§ RECORDS
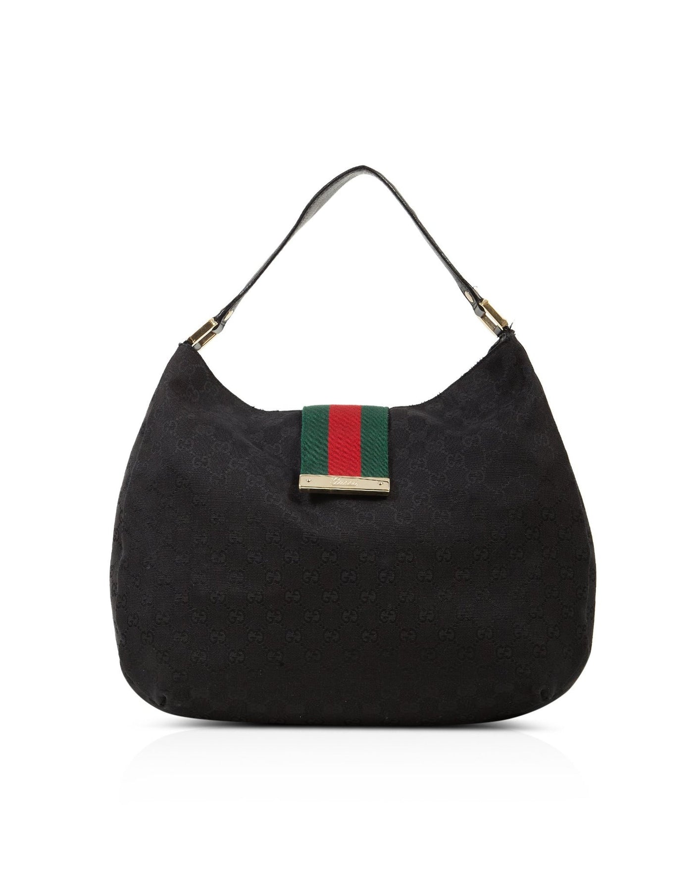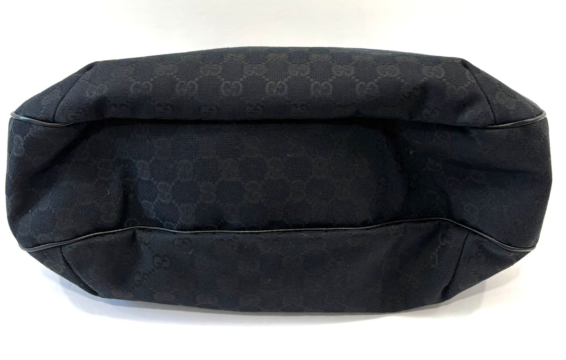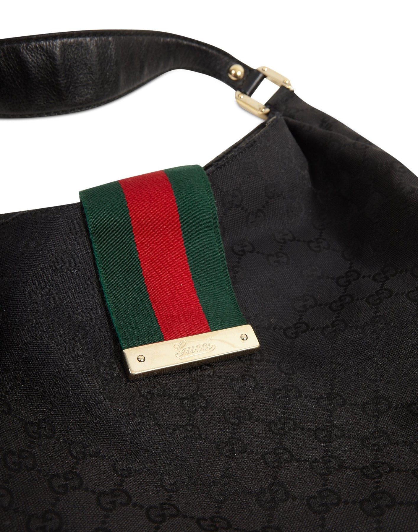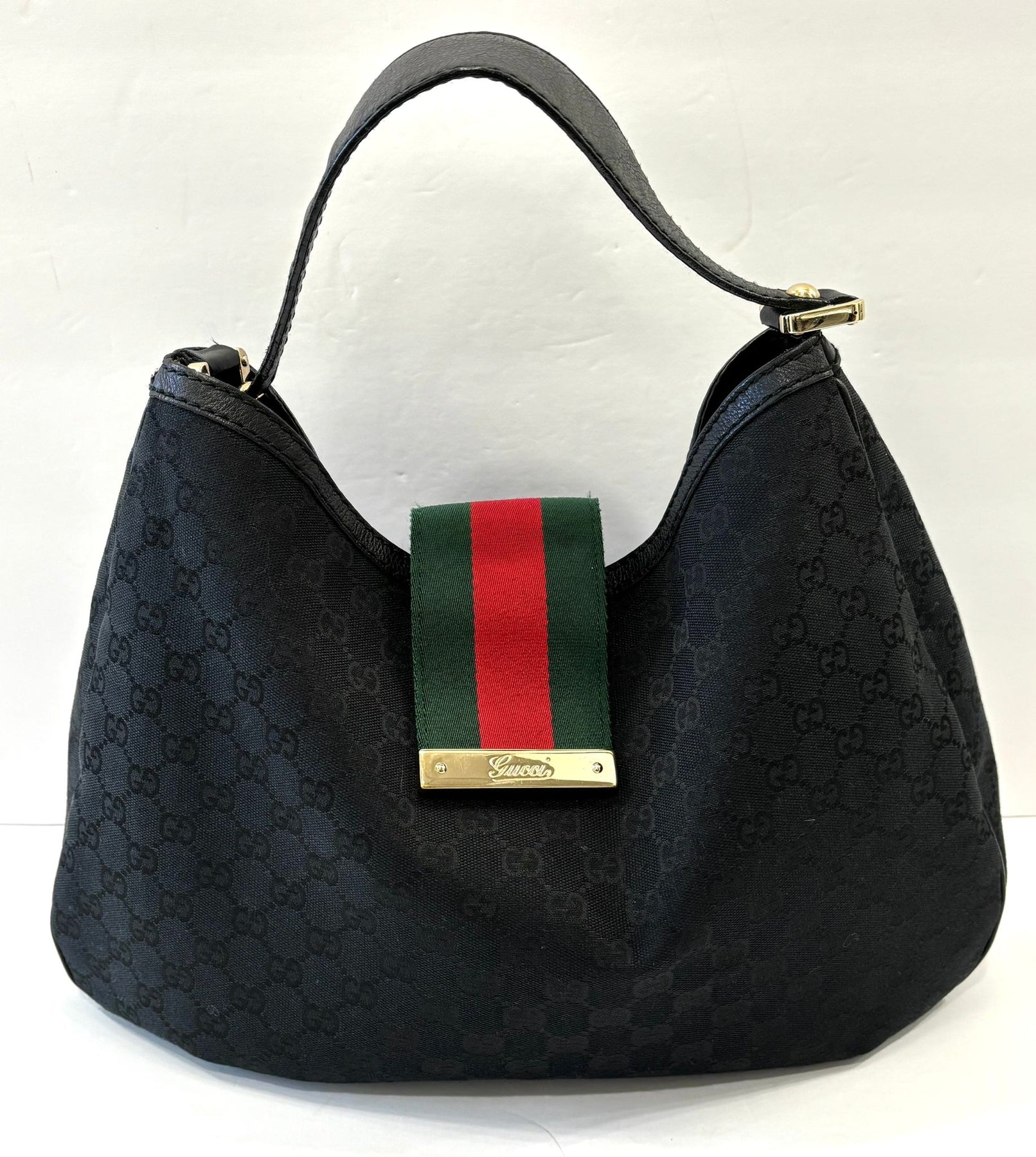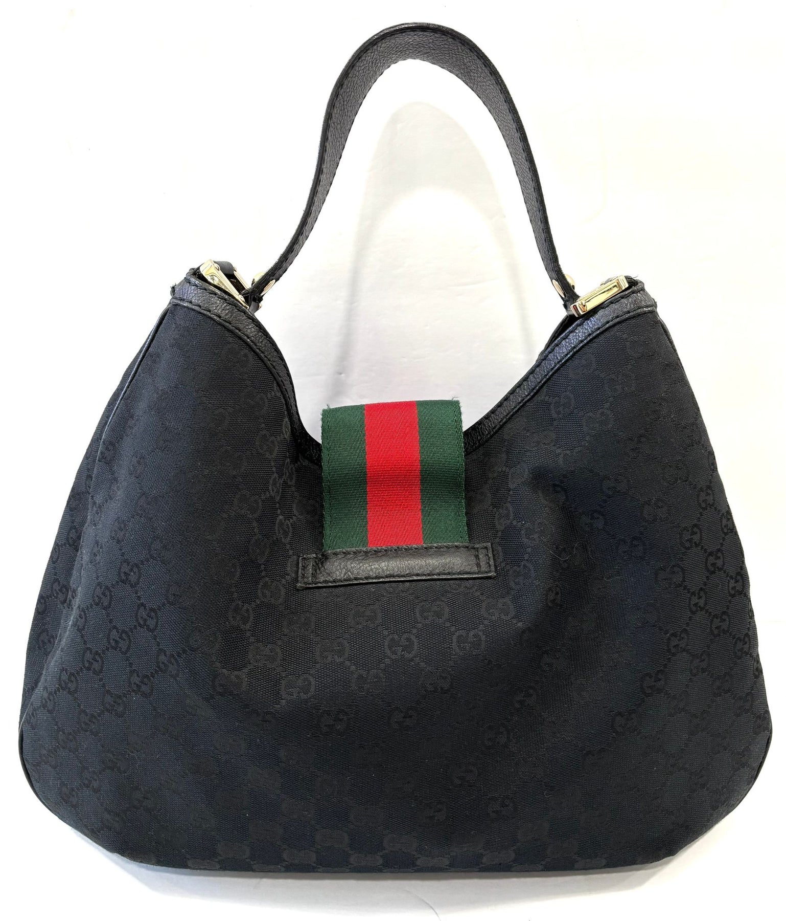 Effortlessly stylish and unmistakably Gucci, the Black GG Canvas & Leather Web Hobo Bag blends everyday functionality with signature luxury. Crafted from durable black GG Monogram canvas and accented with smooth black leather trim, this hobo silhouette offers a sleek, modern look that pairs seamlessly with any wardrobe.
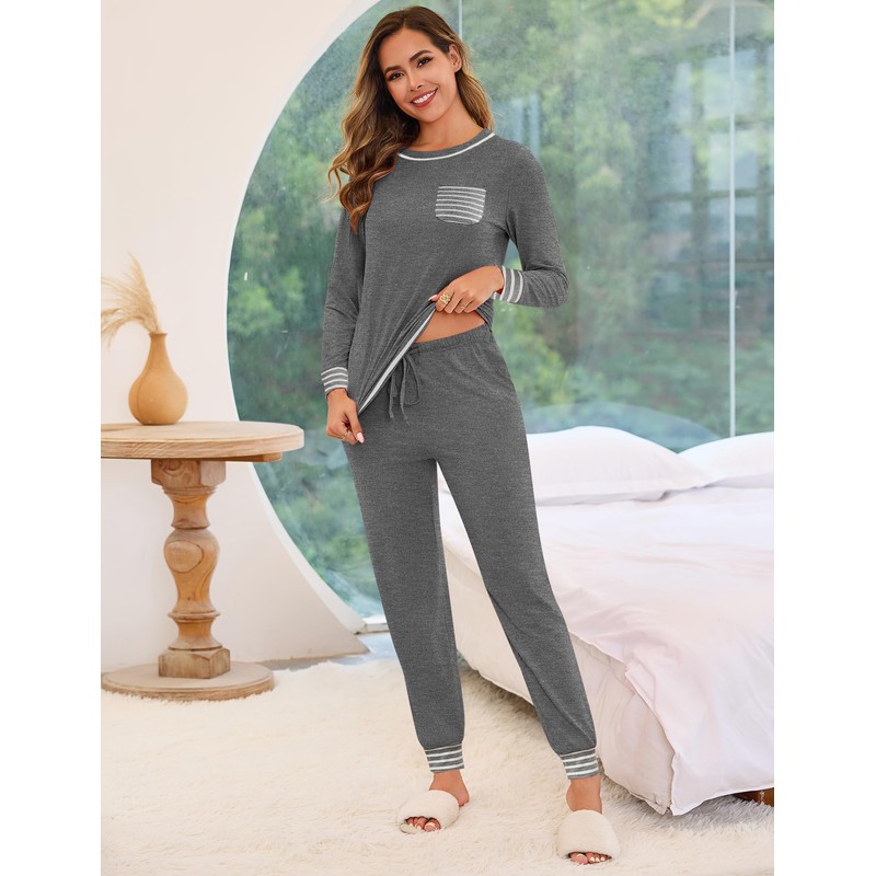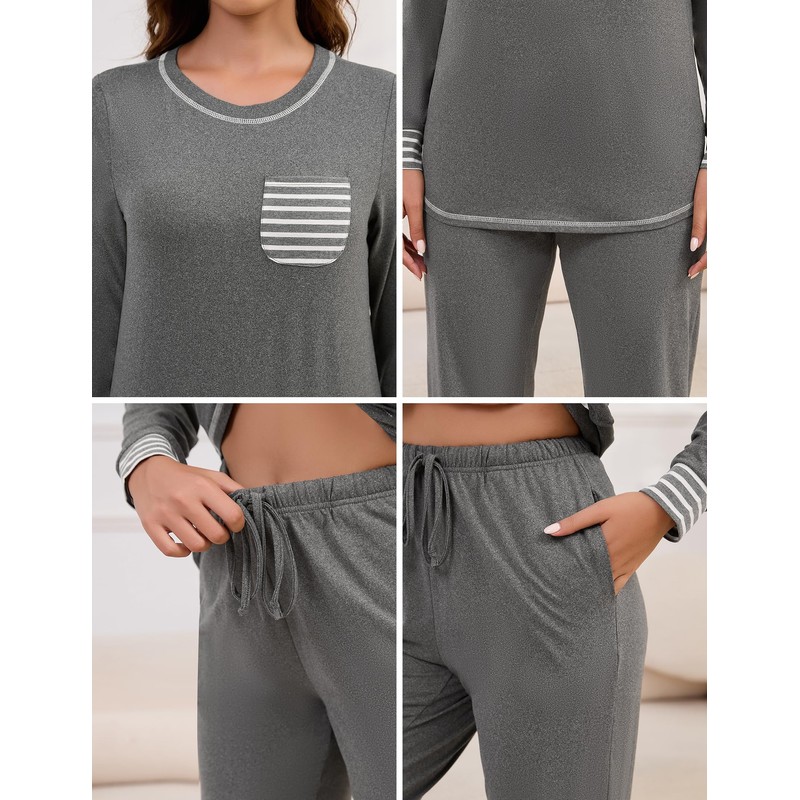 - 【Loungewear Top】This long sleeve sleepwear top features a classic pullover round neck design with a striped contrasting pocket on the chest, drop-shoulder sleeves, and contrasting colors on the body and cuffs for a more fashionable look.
==
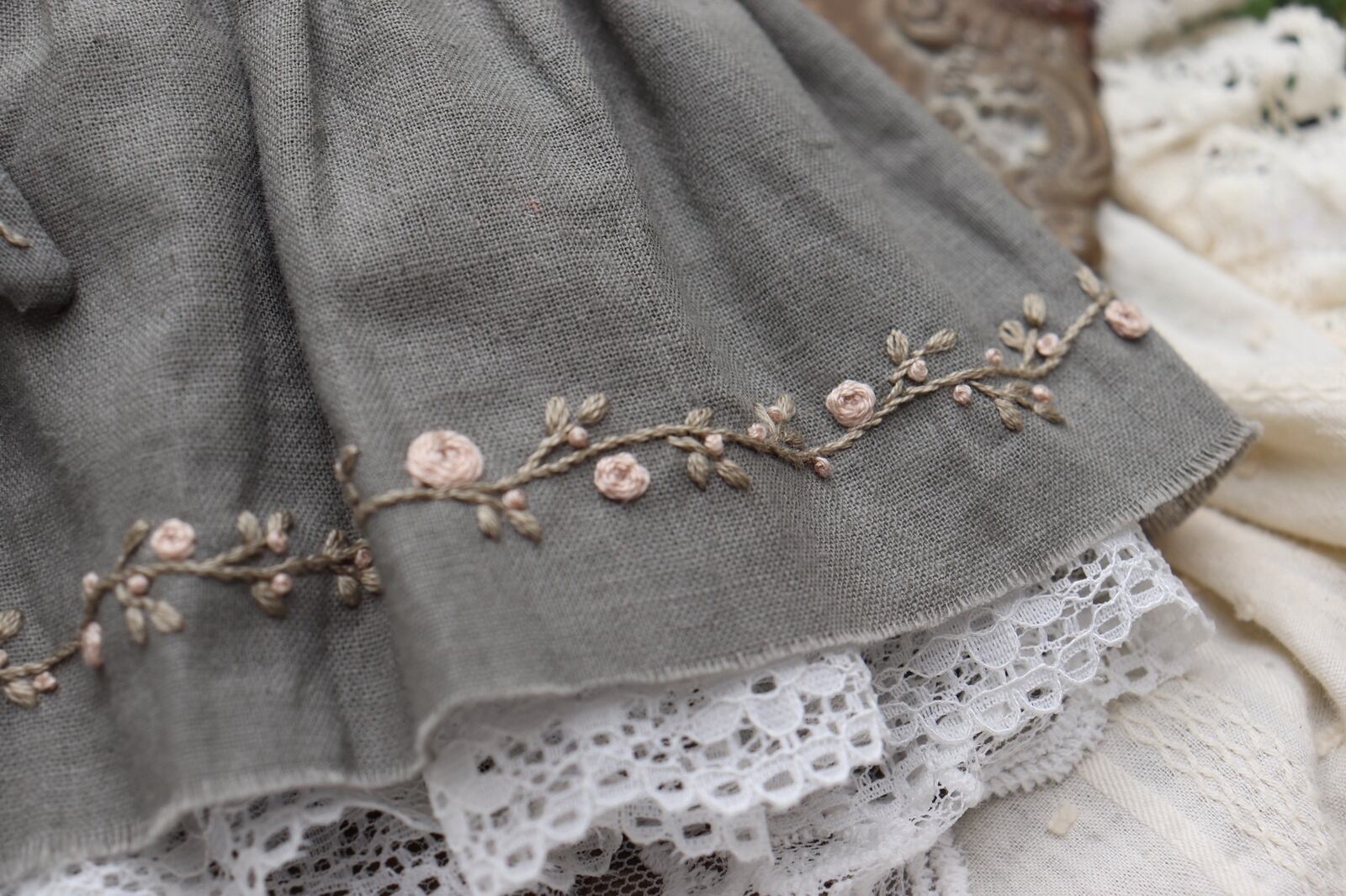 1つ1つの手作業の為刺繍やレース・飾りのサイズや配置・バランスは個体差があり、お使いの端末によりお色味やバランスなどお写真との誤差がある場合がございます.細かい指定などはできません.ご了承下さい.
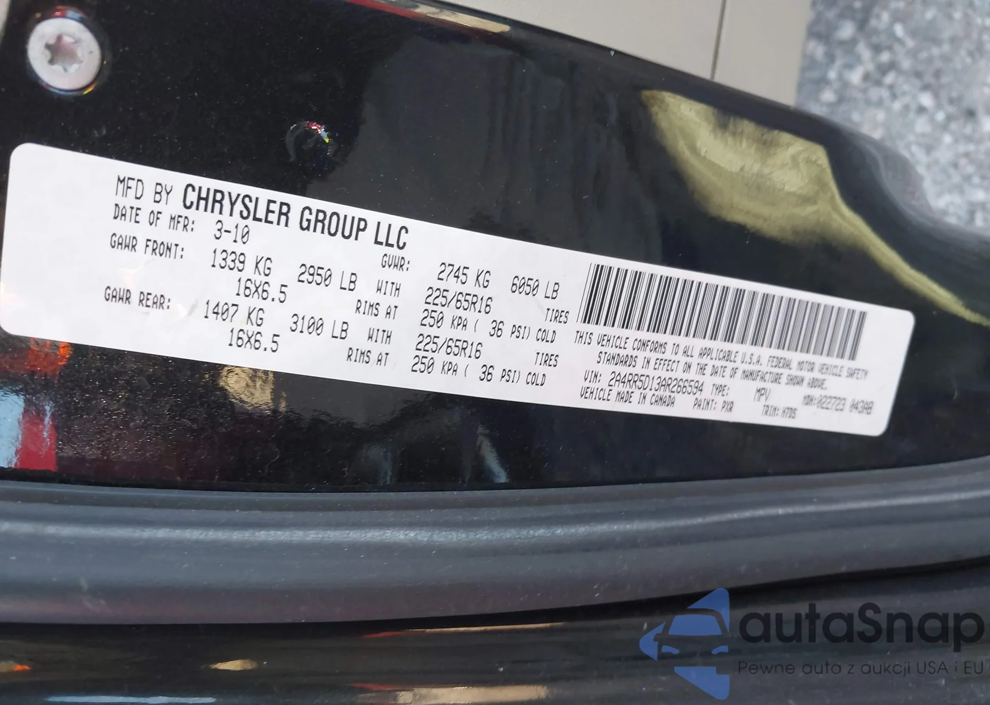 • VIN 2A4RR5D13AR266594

§ ACTIVITY
Begin at the line in the entries above that has "Effortlessly stylish and", stop after the line that has "- 【Loungewear Top】This", and output exactly those lines without pictures.

§ EXERCISE OUTPUT
 Effortlessly stylish and unmistakably Gucci, the Black GG Canvas & Leather Web Hobo Bag blends everyday functionality with signature luxury. Crafted from durable black GG Monogram canvas and accented with smooth black leather trim, this hobo silhouette offers a sleek, modern look that pairs seamlessly with any wardrobe.
 - 【Loungewear Top】This long sleeve sleepwear top features a classic pullover round neck design with a striped contrasting pocket on the chest, drop-shoulder sleeves, and contrasting colors on the body and cuffs for a more fashionable look.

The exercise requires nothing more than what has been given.